YEREVAN (Reuters) – Armenia said early on Sunday that neighbouring Azerbaijan had attacked civilian settlements in the Nagorno-Karabakh region and urged the population in the disputed region to seek refuge in shelters.
Armenia’s Defence Ministry said that its troops had downed two Azerbaijani helicopters and three drones in response to an attack it said began at 0410 GMT against civilian settlements, including the regional capital of Stepanakert.
“Our response will be proportionate, and the military-political leadership of Azerbaijan bears full responsibility for the situation,” the Armenian Defence Ministry said in a statement.

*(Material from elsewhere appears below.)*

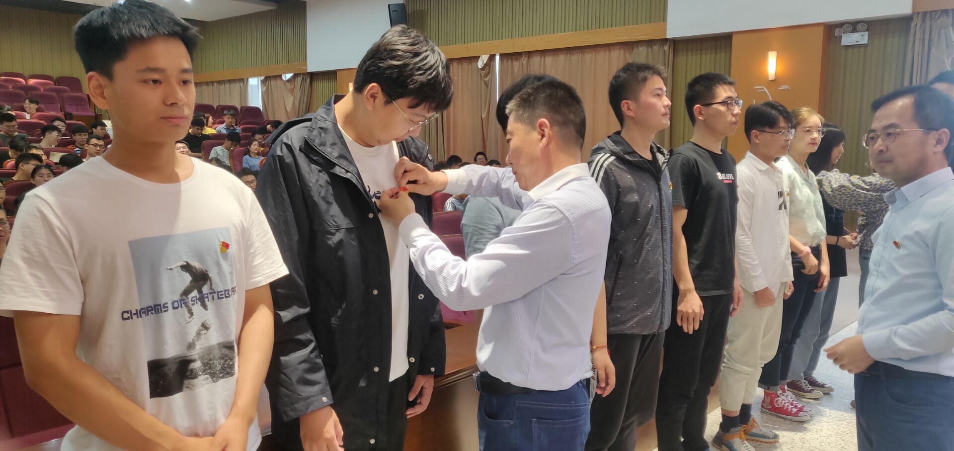 会上,秦卫兵宣读学生新党员名单并介绍了学生党员队伍建设情况,张长生老师带领全体新党员进行了入党宣誓,学院党委负责同志和党支部书记为新党员代表配戴党员徽章。新党员本科生代表何乾坤、研究生代表徐苏柏作表态发言。

Azerbaijan’s Defence Ministry, in turn, said it had launched a military operation along the “contact line,” a heavily-mined no-man’s-land that separates the Armenian-backed forces from Azeri troops in the region, Russian news agencies reported.

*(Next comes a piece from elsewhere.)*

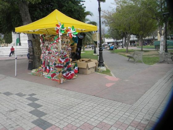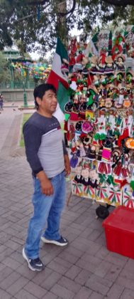 Nuevo Laredo, Tamaulipas.-Juan Manuel Martínez tiene 20 años vendiendo las tradicionales banderitas y adornos con motivos patrios en esta frontera al lado de sus dos hermanos;  ellos se distribuyen en las diferentes plazas públicas  en donde exponen sus productos artesanales que elaboran ellos en su pueblo natal de San Pedro Totoltepec,  Estado de México.

The ministry said that an Azerbaijani helicopter had been downed but that its crew had survived.
The two former Soviet countries have long been in conflict over Azerbaijan’s breakaway, mainly ethnic-Armenian region of Nagorno-Karabakh, and border clashes have intensified in recent months.
Armenia’s Foreign Ministry condemned what it called the “aggression of the military-political leadership of Azerbaijan” and said the Armenian side would deliver an appropriate military and political response.
Ethnic Armenians in Nagorno-Karabakh declared independence during a conflict that broke out as the Soviet Union collapsed in 1991.
Though a ceasefire was agreed in 1994, Azerbaijan and Armenia frequently accuse each other of attacks around Nagorno-Karabakh and along the separate Azeri-Armenian frontier.